Exercise directions:
The line containing "Coffre acier embouti", plus every line that follows it to the end of the listing below, is what you transcribe exactly; omit all pictures.

--- Given data Enclosed Below ---

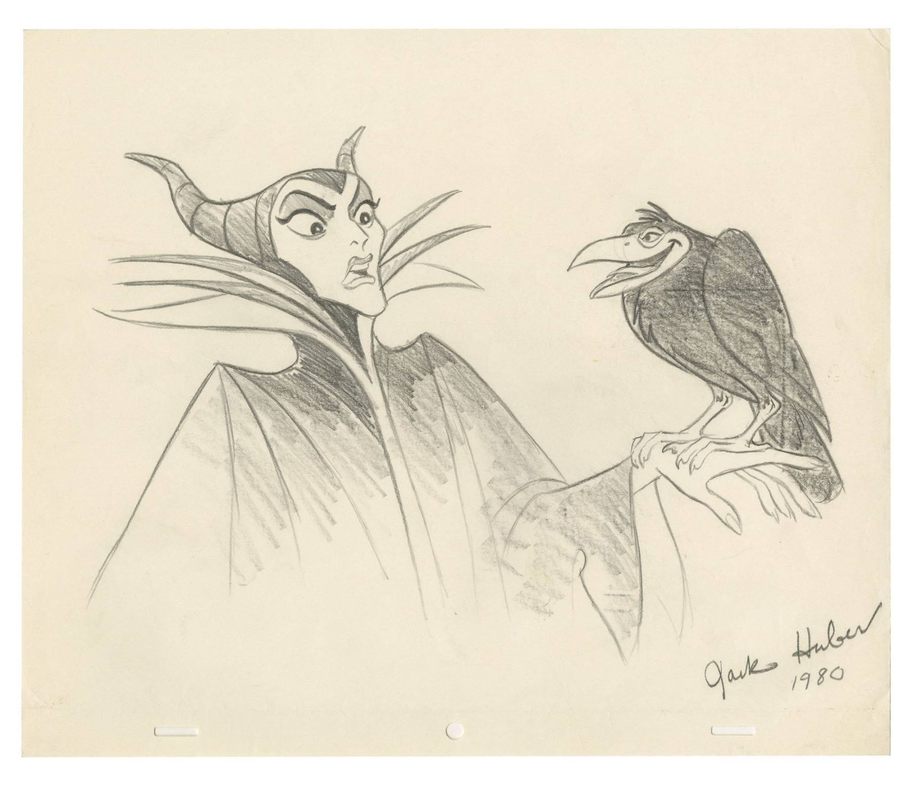 (Walt Disney Studios, 1980) An original drawing by layout artist Jack Huber of Maleficent and Diablo from Sleeping Beauty. Created in pencil on 3-hole animation paper, the drawing measures 10.5"x12.5" and is in very good condition. Huber signed the bottom-right corner.
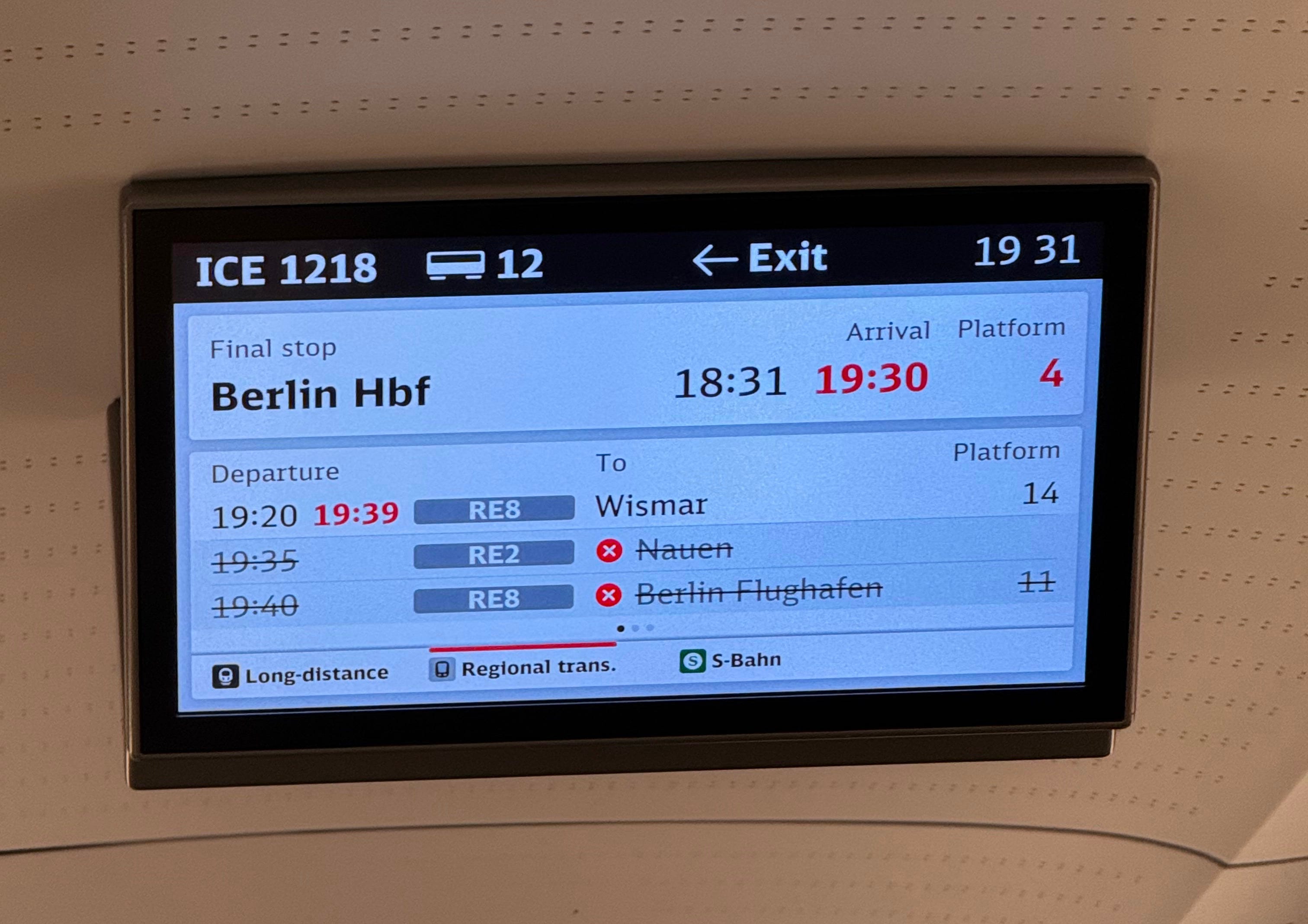 My favourite person and I are sitting on the ICE, eyes fixed on the little screen showing travel updates. On the left: scheduled arrival time. On the right: the actual one. A one-hour delay means a 25% refund.
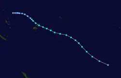 During the opening days of March 1980, a broad trough of low pressure, extended from Vanuatu to Queensland, Australia.[1] A tropical depression subsequently developed, along this trough during March 9, near Rennell Island in the Solomon Islands.[1][2] Over the next few days the system initially moved south-eastwards into the Australian region, as it gradually developed further before it turned south-westwards towards the South Pacific during March 10.[1] The Australian Bureau of Meteorology, subsequently reported that the depression, had developed into a tropical cyclone and named it Sina during March 11.[1] The system subsequently moved south-eastwards and back into the South Pacific basin, where it continued to intensify and move south-eastwards. During March 13, the system peaked as a Category 3 severe tropical cyclone with 10-minute sustained wind speeds estimated at 120 km/h (75 mph), as it passed about 200 km (125 mi) to the southwest of New Caledonia.[1][3] After the system had peaked, it accelerated south-eastwards while gradually weakened and transitioning into a cold cored low.[1][3] The system impacted northern New Zealand during March 15, before it was last noted during the following day.[1][3]
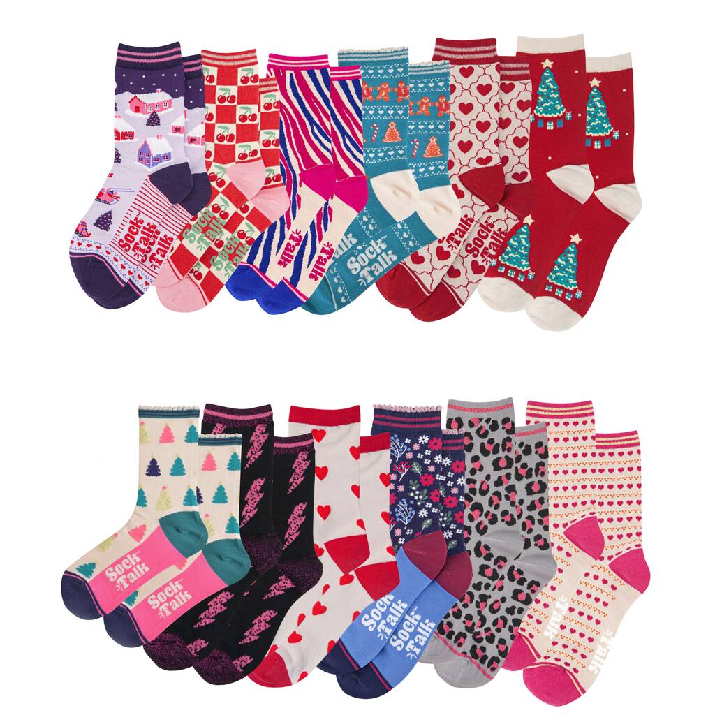 12 Day Christmas Advent Calendar Graphic Prints Bamboo Socks Women's
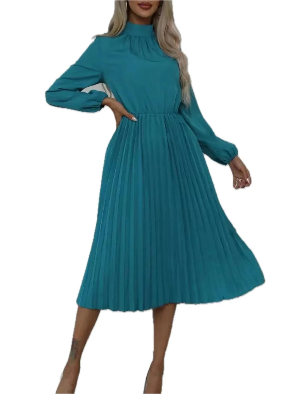 Women's Mock Neck Long Sleeve Pleated Dress with Stretch Fabric Ninety Five Percent Polyester and Five Percent Spandex
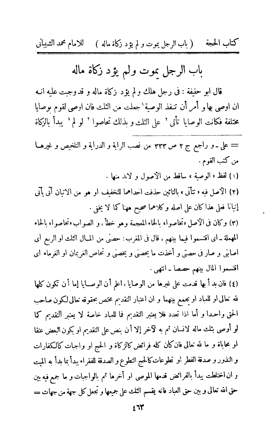 قَالَ أَبُو حنيفَة فِي رجل هلك وَلم يؤد زَكَاة مَاله وَقد وَجَبت عَلَيْهِ أَنه أَن اوصى بهَا وَأمر أَن تنفذ الْوَصِيَّة جعلت من الثُّلُث فَأن أوصى لقوم بوصايا مُخْتَلفَة فَكَانَت الْوَصَايَا تَأتي على الثُّلُث وَبِذَلِك تحاصوا لَو لم يبْدَأ بِالزَّكَاةِ
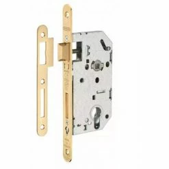 Coffre acier embouti galvanisé. Têtère acier bouts ronds. Demi-tour bipente laiton réversible sans démontage du coffre. Pêne acier zingué – gâche plate acier zingué. Mécanisme à 2 tours – Rappel du 1/2 tour par la clé. Carré 7 mm, entr’axe 70 mm.
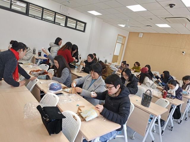 巧手传非遗 锦绣庆三八 ——十大买球官网开展非遗牛皮宋锦包手工...

--- End of Enclosed Given data ---

Answer space:
 Coffre acier embouti galvanisé. Têtère acier bouts ronds. Demi-tour bipente laiton réversible sans démontage du coffre. Pêne acier zingué – gâche plate acier zingué. Mécanisme à 2 tours – Rappel du 1/2 tour par la clé. Carré 7 mm, entr’axe 70 mm.
 巧手传非遗 锦绣庆三八 ——十大买球官网开展非遗牛皮宋锦包手工...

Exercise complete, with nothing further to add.